**Your goal**
Return every line from the one with "以下步骤将向您展示如何在Gutenberg中创建HTML锚点。" through the one with "Modern black minimalist", inclusive, exactly as it appears below.

**Supplied records**
^^^^^^^^

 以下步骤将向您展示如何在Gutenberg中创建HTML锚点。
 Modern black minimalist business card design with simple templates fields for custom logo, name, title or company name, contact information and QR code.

^^^^^^^^

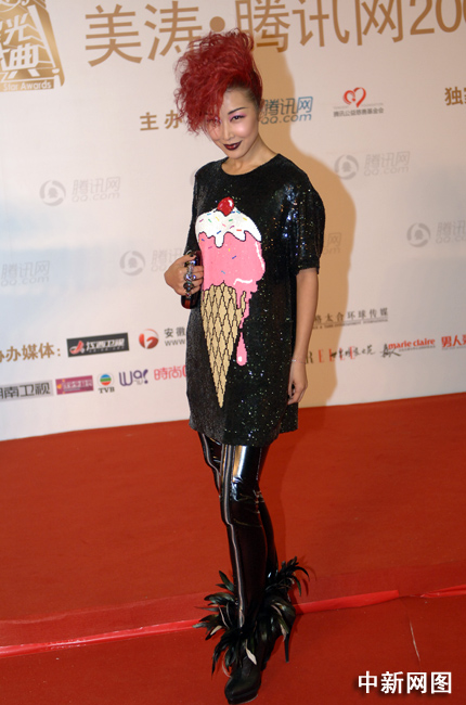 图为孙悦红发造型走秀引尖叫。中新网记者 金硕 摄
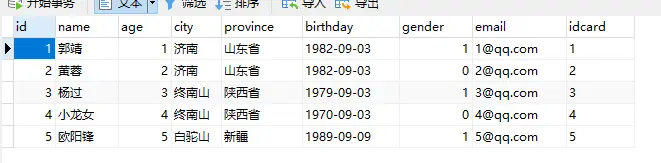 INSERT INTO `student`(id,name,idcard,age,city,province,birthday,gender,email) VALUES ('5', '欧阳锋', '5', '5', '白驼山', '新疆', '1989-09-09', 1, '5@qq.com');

^^^^^^^^

**Output**
 以下步骤将向您展示如何在Gutenberg中创建HTML锚点。
 Modern black minimalist business card design with simple templates fields for custom logo, name, title or company name, contact information and QR code.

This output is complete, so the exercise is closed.